With a system that not only takes care of its viewers, but also provides clear benefits to sponsors, Hacker Noon’s business model does show significant upside potential in the next few years.
Its performance so far tangibly supports the plausibility of its business and demonstrates that the model can operate under the increased pressure from higher viewership.
2. Consistent Growth
Another key factor in Hacker Noon’s promise is the consistent growth that the site has shown. Viewership is ultimately the most important factor in the success or failure of the company. A higher number of viewers enables Hacker Noon to hike its sponsorship package prices, since the number of exposures that a company gets from sponsoring Hacker Noon increases.
Hacker Noon also benefits from the network effects of more viewers. When more people join Hacker Noon’s platform, it is highly likely that a proportion of these visitors are also willing and able to become writers. Since each writer comes with a unique set of experiences and fields of expertise, more writers should also correlate with a larger diversity of topics that appeal to a wider audience.
This process of visitors and writers adding value to the site attracts a larger viewership in a cyclical manner, which is likely to have been a large factor in the company’s growth in the past few years.
Also, with a more sustainable content generation process, Hacker Noon’s management can increasingly focus less on supervision, and work exclusively on strategic and directional challenges.
3. Clear and Promising Roadmap
Though Hacker Noon’s historicals are all normal and healthy, the company’s most encouraging indicator is its plan for future growth.
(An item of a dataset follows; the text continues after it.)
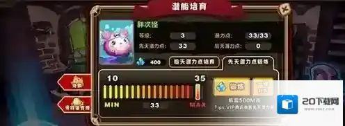 6、玩家还可以对宠物进行潜能培养,分为先天潜能和后天潜能培养,后天主要通过喂食不同品质的宠物蛋和金币获取不同的潜力经验条(c、d级普遍为20,部分c级为100),在喂养过程存在有折扣,满足一级增加一潜力点。而先天主要通过商店购买先天潜力果和钻石进行培养(成本较高)。

Hacker Noon’s roadmap is very well detailed and reasonable. It’s recognized a few problems with the current business, and presented potential solutions to each problem
First and foremost, they discussed their reliance on external content management systems, and have indicated that starting their own site is one of their most pressing priorities. This seems to be one of the primary reasons of this round of funding, and the exigence for this project is clear.
By managing its own content, Hacker Noon can once again access its sponsors and regain the revenue that was lost between Q2 – Q3 of 2018. It can also be much more flexible with how it manages the website, which should be a significant advantage in the upcoming years when it needs to manage more and more users.
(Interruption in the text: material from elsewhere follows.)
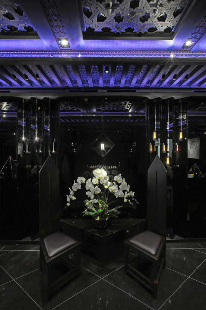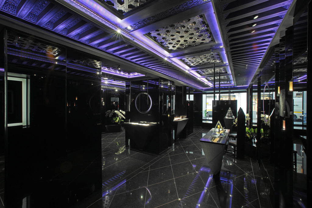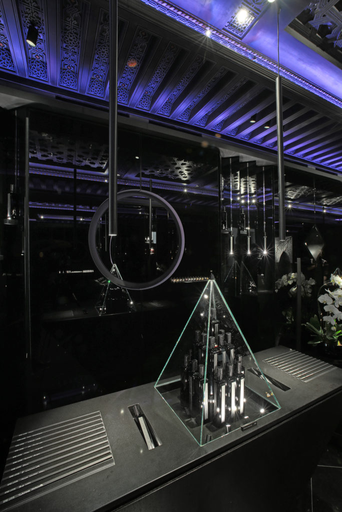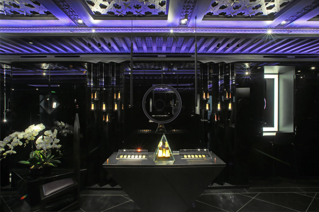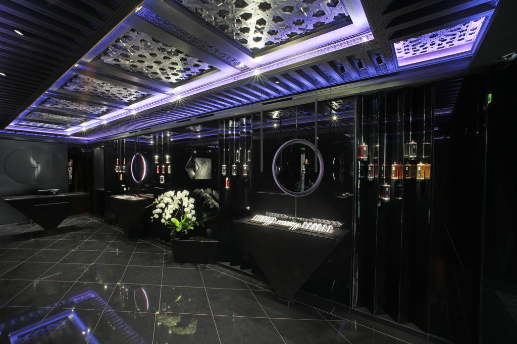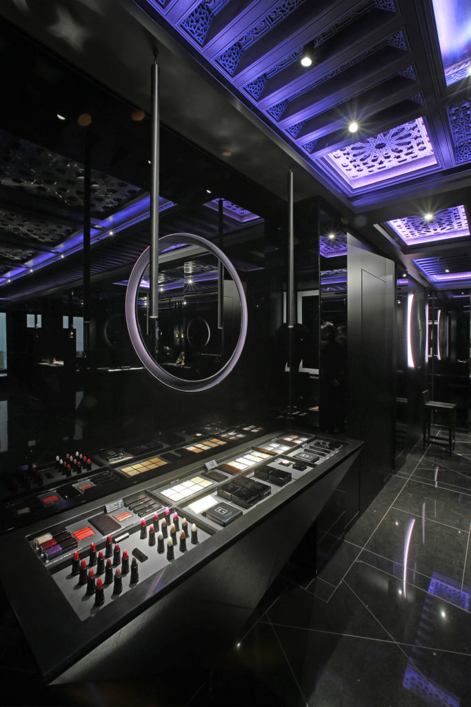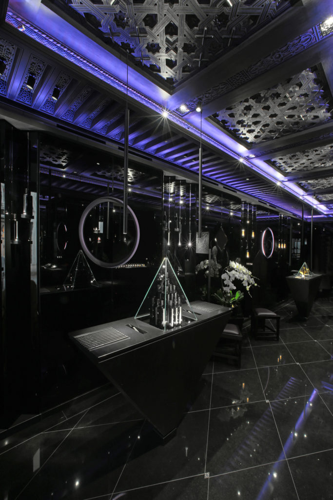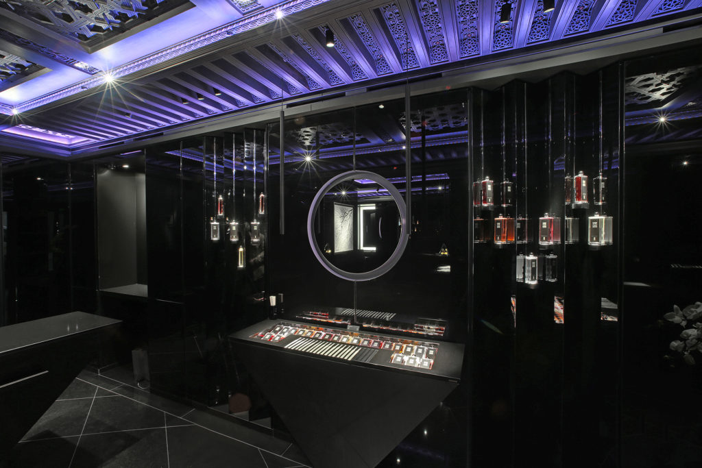 Loin de la confidentialité des arcades du Palais Royal, la marque revendique cette foisci l’ouverture d’une adresse parisienne fréquentée par une clientèle plus cosmopolite. On retrouvera donc en ce lieu les nombreuses influences reçues au cours du parcours de Serge Lutens : de la verve géométrique marocaine présente dans les plafonds de cèdre sculptés, au sens de la perfection japonaise ressentie jusqu’au travail des laques, ici, toute la richesse d’une vie placée aux antipodes géographiques mais, sous le signe de la beauté, déroule sa somptuosité. Un syncrétisme unique et inattendu à la croisée des chemins entre constructivisme et mysticisme. À Serge Lutens, rien d’impossible ! Le rendez-vous offre une plongée et une expérience authentique au plus proche du créateur.

Hacker Noon’s other revenue streams under development are also very promising. While the benefits it can raise from the podcast are clear and immediate, its job board has more potential in the long run.
Especially considering its viewer demographic’s high value to companies, tech firms, large or small, are likely be interested in posting job openings to Hacker Noon, and with more development and marketing, Hacker Noon can be sure to derive much value from this job board idea.
Hacker Noon has already shown an ability to scale and reach millions of people. This type of user traction and product market fit drives our confidence that this is a really exciting investment opportunity.
We’d be remiss if we didn’t also recognize the management team’s ability to grow this into one of the top media sites currently online with nearly no outside capital to date versus similar websites.
This is a testament to management’s ability to build a capital efficient and highly scalable business that will be very attractive to many of these media outlets in the years to come.
We think Hacker Noon can be a very interesting acquisition opportunity down the road. Medium already tried to acquire them, and we think this team will only continue to garner interest and provide a healthy exit to investors.
For these reasons Hacker Noon is a Top Deal, and one of the best currently available for investment.